_WHAT NEEDS TO BE DONE_. Copy out the listing that follows, exactly, without its pictures.

_DATA SHOWN_.

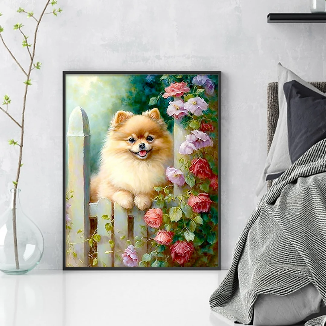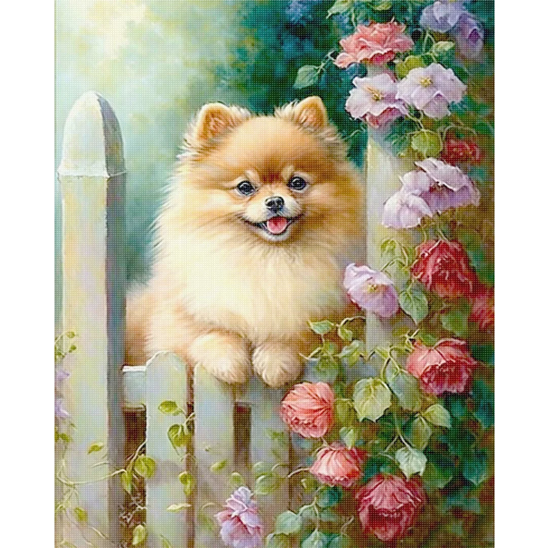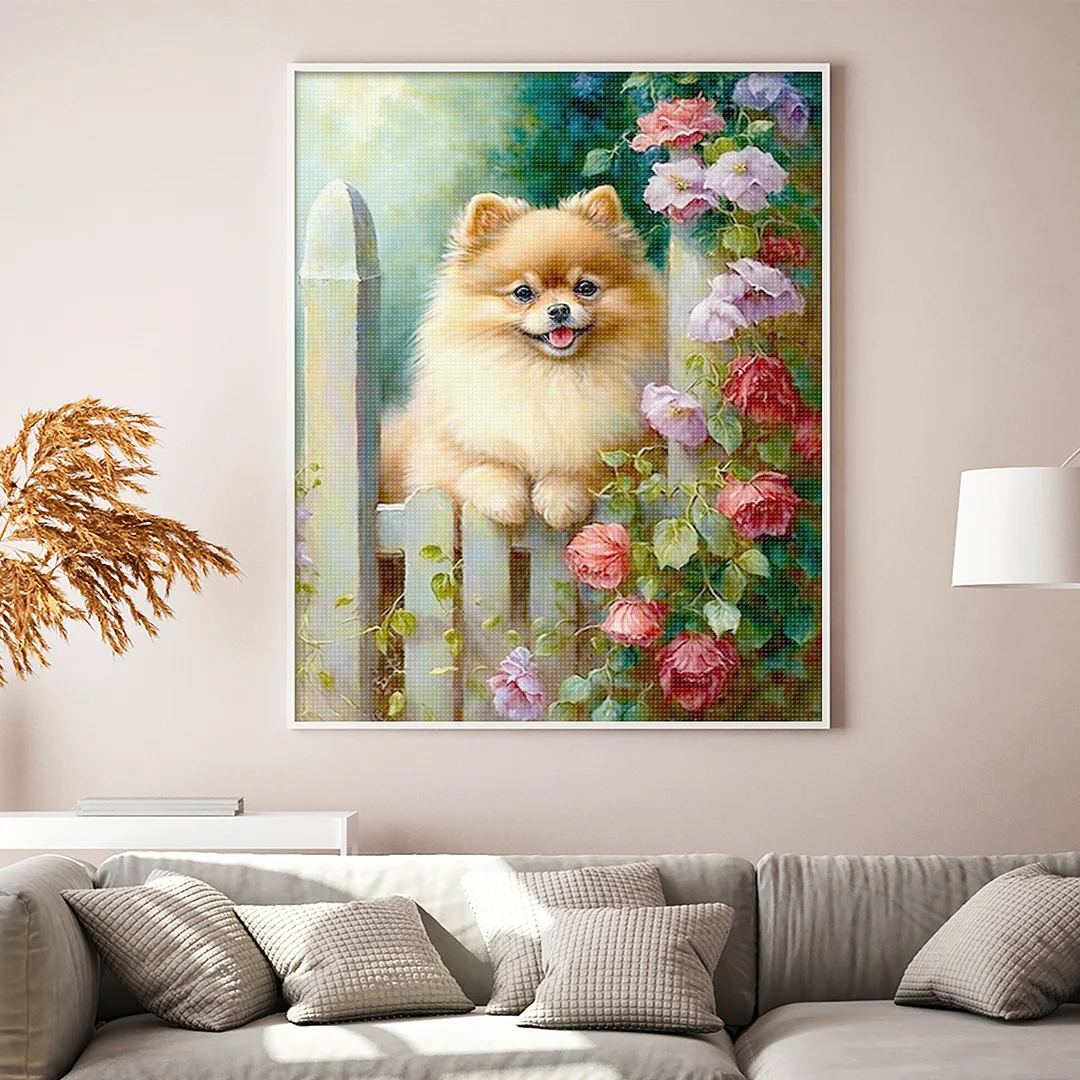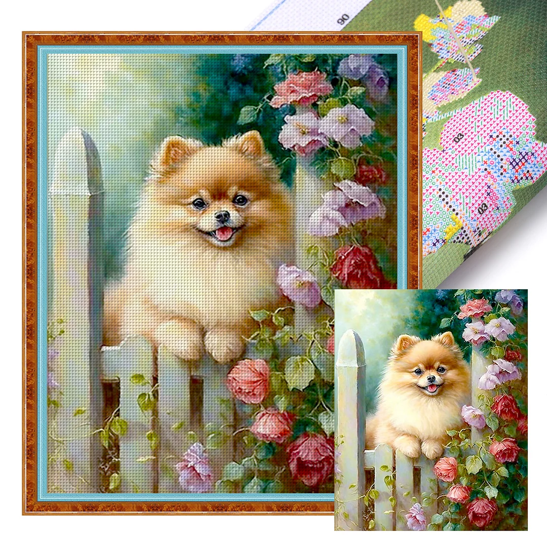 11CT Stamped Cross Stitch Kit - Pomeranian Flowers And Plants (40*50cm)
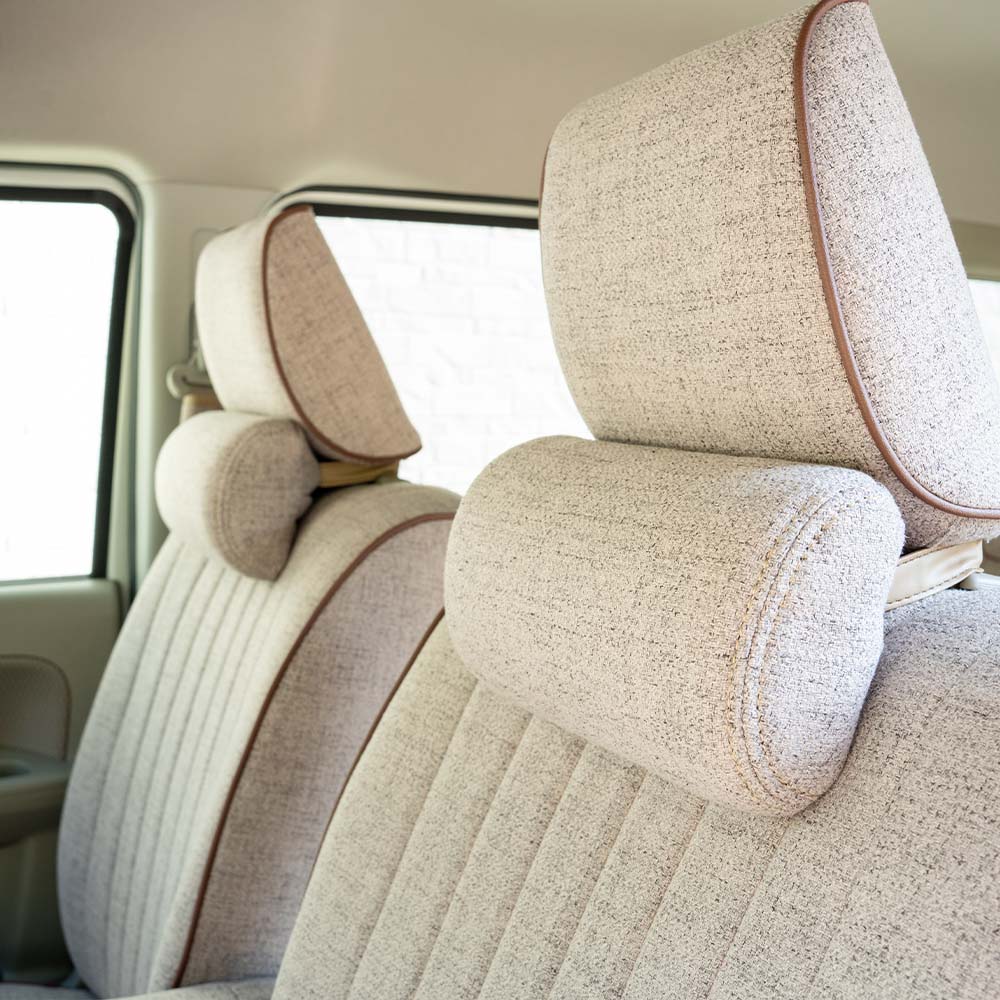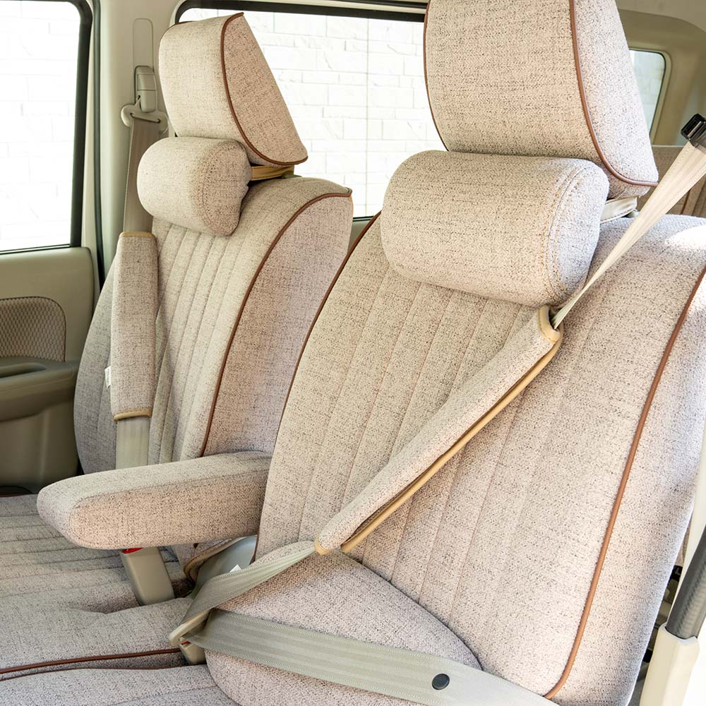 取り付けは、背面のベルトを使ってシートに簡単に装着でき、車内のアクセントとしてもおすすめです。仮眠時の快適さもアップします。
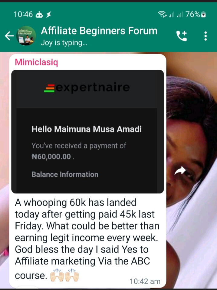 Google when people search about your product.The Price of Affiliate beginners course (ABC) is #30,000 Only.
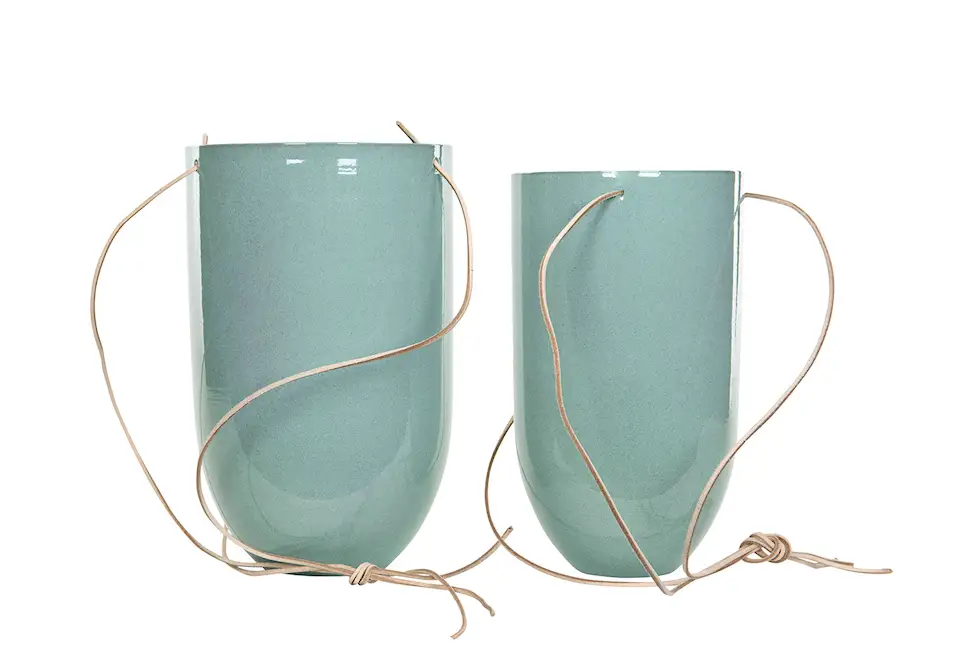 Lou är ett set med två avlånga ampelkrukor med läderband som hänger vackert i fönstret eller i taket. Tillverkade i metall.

_ANSWER TO THE PROBLEM_.
 11CT Stamped Cross Stitch Kit - Pomeranian Flowers And Plants (40*50cm)
 取り付けは、背面のベルトを使ってシートに簡単に装着でき、車内のアクセントとしてもおすすめです。仮眠時の快適さもアップします。
 Google when people search about your product.The Price of Affiliate beginners course (ABC) is #30,000 Only.
 Lou är ett set med två avlånga ampelkrukor med läderband som hänger vackert i fönstret eller i taket. Tillverkade i metall.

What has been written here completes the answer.